Teresa Coady (born July 1956) is a Canadian architect and the former  president and founding partner of the Vancouver, British Columbia-based architecture firm B+H BuntingCoady (now part of B+H Architects).  She is a member of the Canadian Chapter of the International Initiative for a Sustainabie Built Environment and a member of the  United Nations Environment Programme Advisory Board. She is the author of Rebuilding Earth: Designing Ecoconscious Habitats for Humans.

Life and career
Teresa Coady received her degree in Architecture in 1983 from the University of British Columbia. She is best known for her architectural work in the area of sustainability and energy-efficient design.  In 1993, Teresa Coady and Tom Bunting founded Bunting Coady Architects; the practice was renamed in 2010 to B+H BuntingCoady Architects Inc. Coady  completed two years of engineering and received a bachelor of fine arts prior to pursuing a master's degree in Architecture.

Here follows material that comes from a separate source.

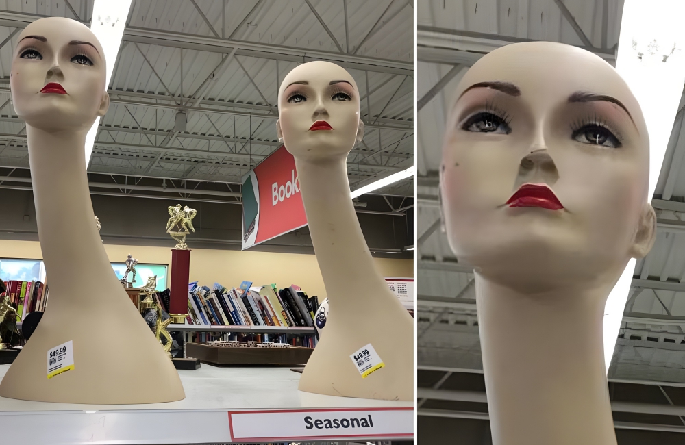 Found at: GoodwillValue: $49.99*Why these mannequin heads are so expensive is unclear. One thrift store offered a unique alternative to the good old fashioned garden gnome. If you want something more terrifying, consider these mannequin heads, which have extremely long necks and unusually resolute expressions.

The statement “We create Living, Breathing Buildings”, which is trademarked by B+H BuntingCoady, developed from Coady’s master thesis entitled "The Living Breathing Building". Coady sites her thesis project "The Living Breathing Building" as the mechanism though which her architectural values came to light. While her thesis was initially rejected for being ‘not architectural’, the principles associated with the phrase “Living, Breathing Buildings” became the founding values upon which Bunting Coady Architects was initially created and upon which B+H BuntingCoady operates.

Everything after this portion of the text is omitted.